Using EMA data in articulatory synthesis
Speaker:Ingmar Steiner
Institution: Saarland University
Abstract:
Electromagnetic Articulography (EMA) is one of several techniques to capture the movements of the articulatory organs during speech production. Together with synchronized acoustic recordings of these utterances, EMA data can be used to analyze the temporal alignment of articulatory gestures with speech parameters such as formant contours and what is traditionally regarded as segmental boundaries.
This talk will present preliminary results in quasi-automatic articulatory resynthesis of EMA parameters. Such resynthesis can be used as an instrument to test the performance of an articulatory synthesis platform by comparing the resynthesized parameters with the original.

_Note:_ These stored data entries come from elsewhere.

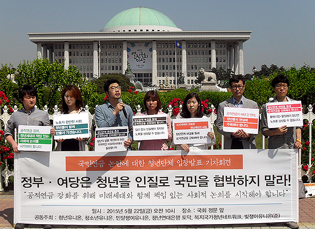 청년유니온, 민달팽이유니온, 청연연대은행 토닥 등 청년 단체는 22일 국회 정문 앞에서 기자 회견을 열고 "공적 연금 논의가 청년의 삶을 삭제한 채로 무책임하게 진행되는 것은 심각한 문제"라며 "청년을 인질로 삼아 공적 연금 강화를 위한 사회적 논의를 가로막는 정부, 여당을 규탄한다"고 밝혔다.
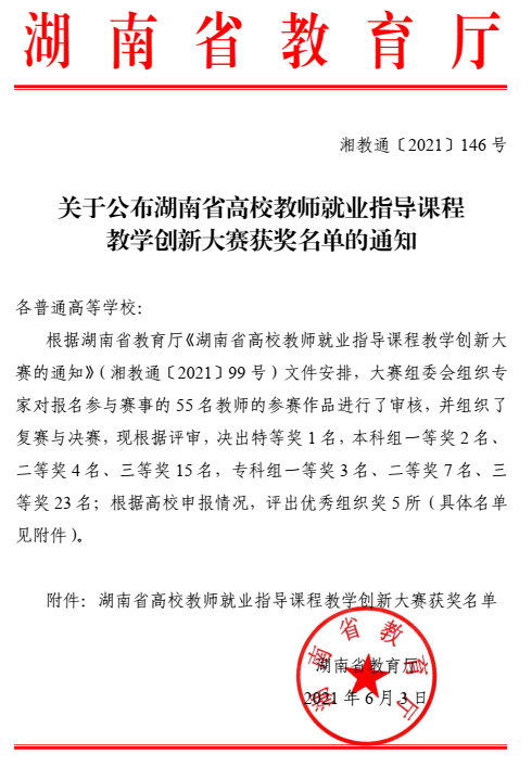 本次比赛由湖南省教育厅主办,湖南省教育厅毕业生就业办公室和湖南省大中专学校学生信息咨询与就业指导中心承办,该比赛是全国高校教师教学创新大赛的就业指导课程教学赛道。通过本次比赛,进一步体现了我院“以学生为中心”的教育理念和重视课堂教学、重视学生就业工作作风。对于不断提升就业指导课程建设实效,促进毕业生更加充分更高质量就业创业具有重要意义。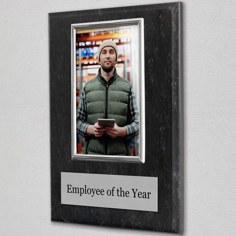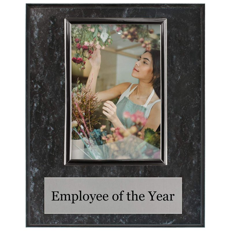 Show your employee's just how much you appreciate the good job they are doing by honoring an employee each year with their very own employee of the year plaque. Once received, insert their photo and proudly display this plaque for everyone to see. The elegant coated marble plaque is 10 x 8" and holds a 6 x 4" photo. The frame holding the photo will be silver.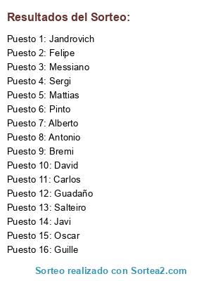 Lista de participantes: Sergi, Oscar, Toni, Guille, Rubén, Pinto, Javi, Guadaño, Salteiro, Messiano, Luismi, Alberto, Joao, Bremi, Felipe, Antonio, Carlos, David, Jandrovich, Mattias..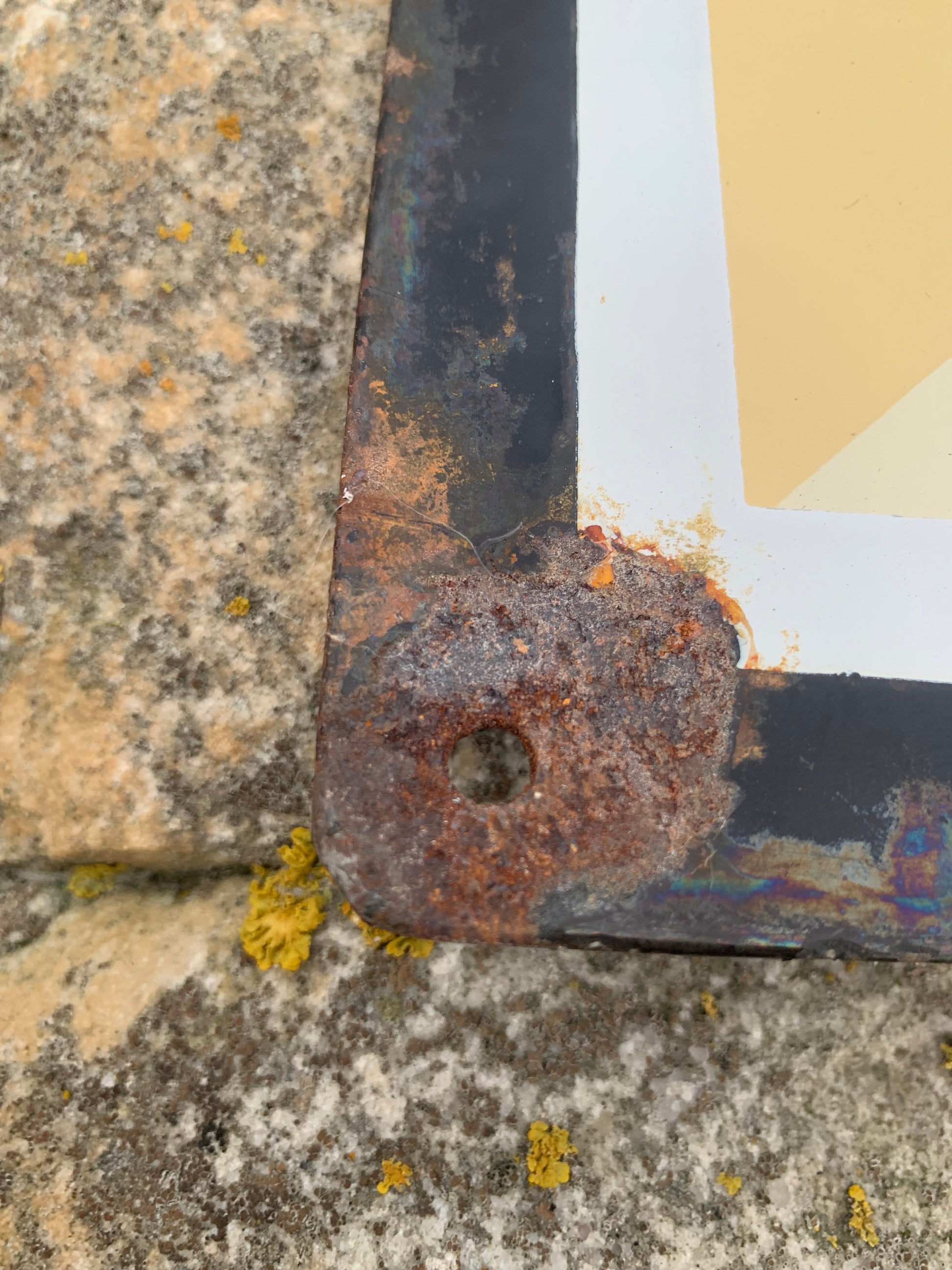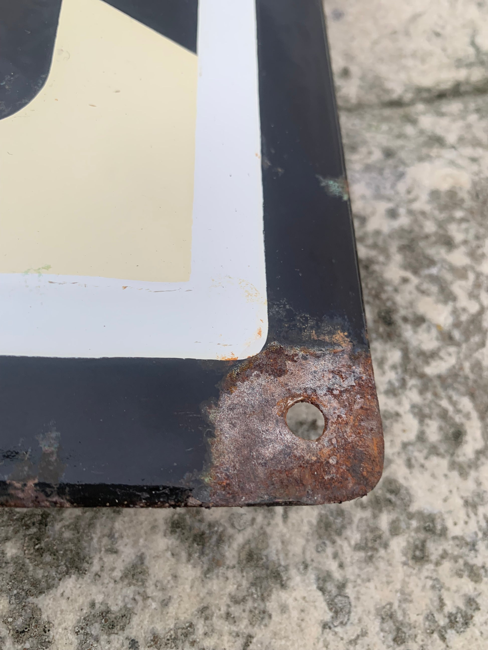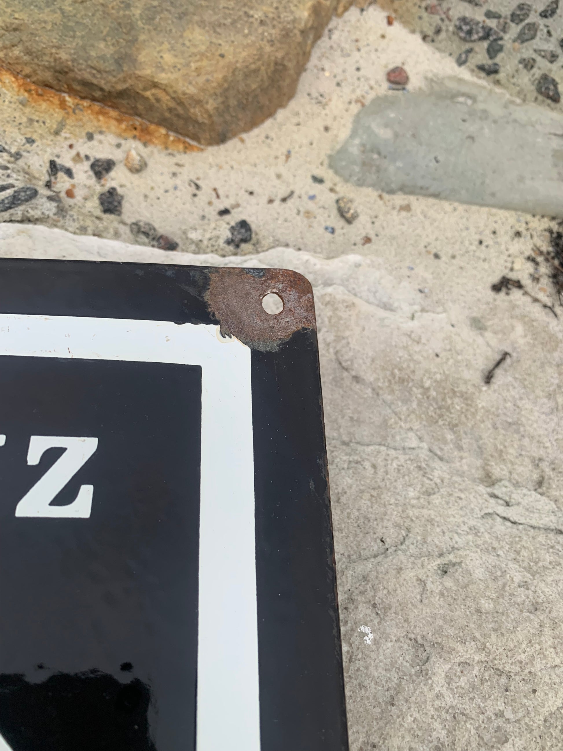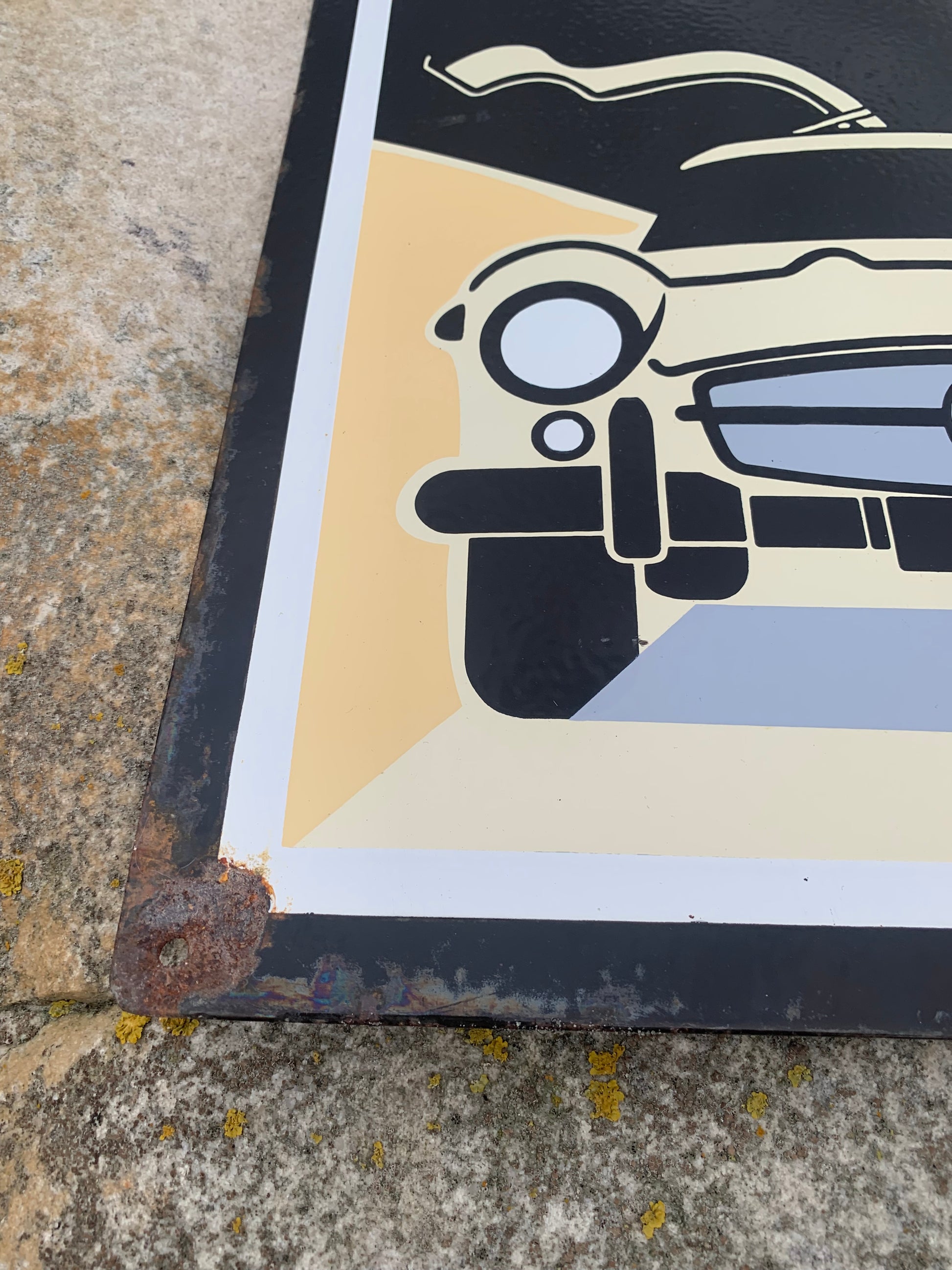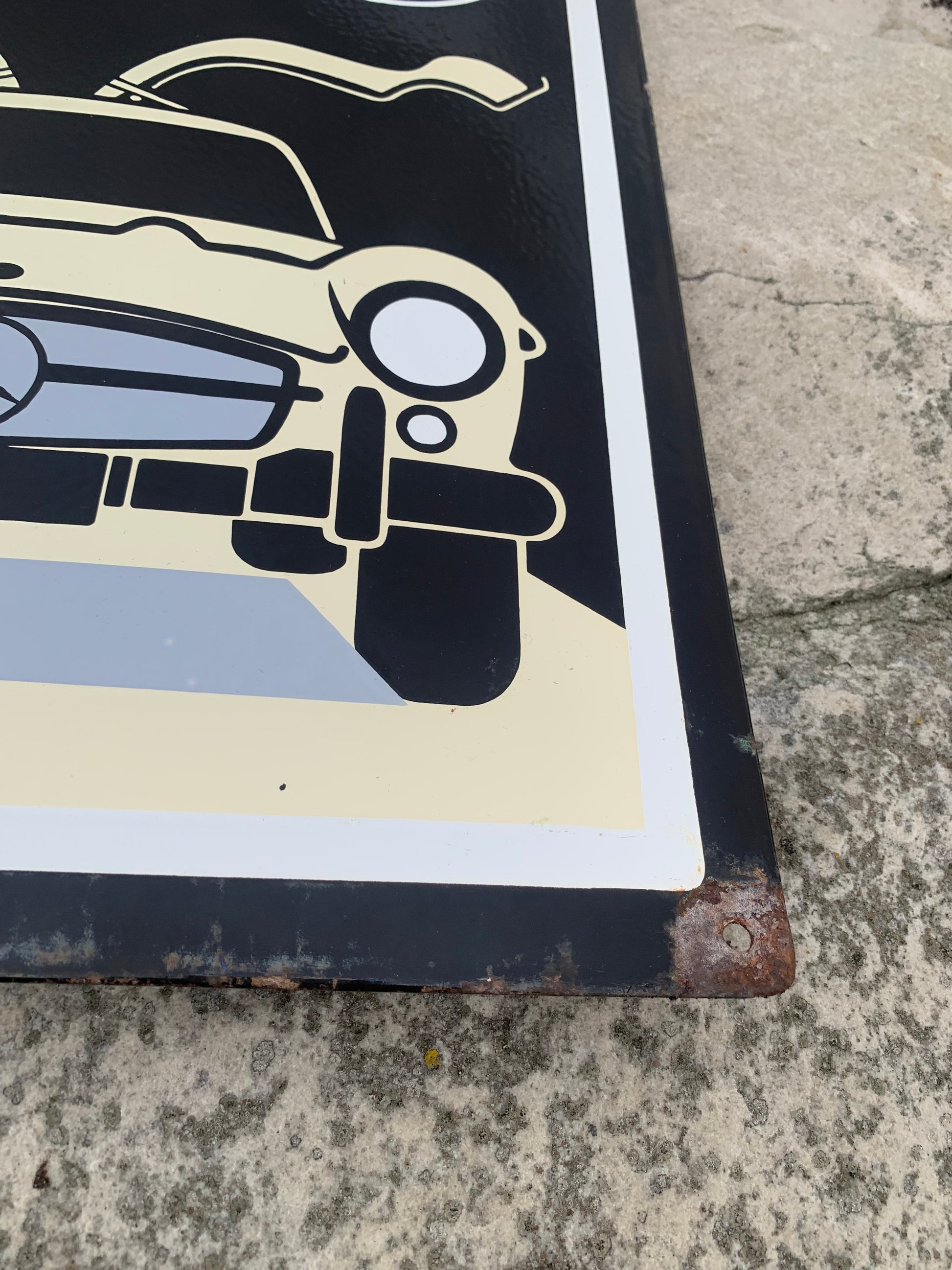 Mercedes emaljskylt (kupad). Skylten har tecken på slitage, särskilt i hörnen som dessa skyltar ofta har, men överlag är den i fint vintageskick.

Furthermore, several possible applications will be outlined for using EMA data to optimize the interface of an acoustics-based text-to-speech (TTS) front-end with a high-level articulatory synthesis platform. Among these are:
- Using EMA data to optimize phasing rules (governing the temporal alignment of gestures), used in the conversion of predicted acoustic durations to the gestural domain. Alternatively, the durational module of the TTS front-end could be retrained on EMA data to predict gestural durations directly.
- Extracting features corresponding to articulatory effort from EMA data, using this information to improve the accuracy of coarticulation and related phenomena in the synthesis of speech at various articulation rates.
Finally, a multilevel concatenative (diphone or possibly unit-selection) approach is conceivable, where the articulatory parameters are predicted by applying traditional concatenative synthesis techniques to the individual articulatory trajectories. These could then be used as input to a low-level articulatory synthesizer.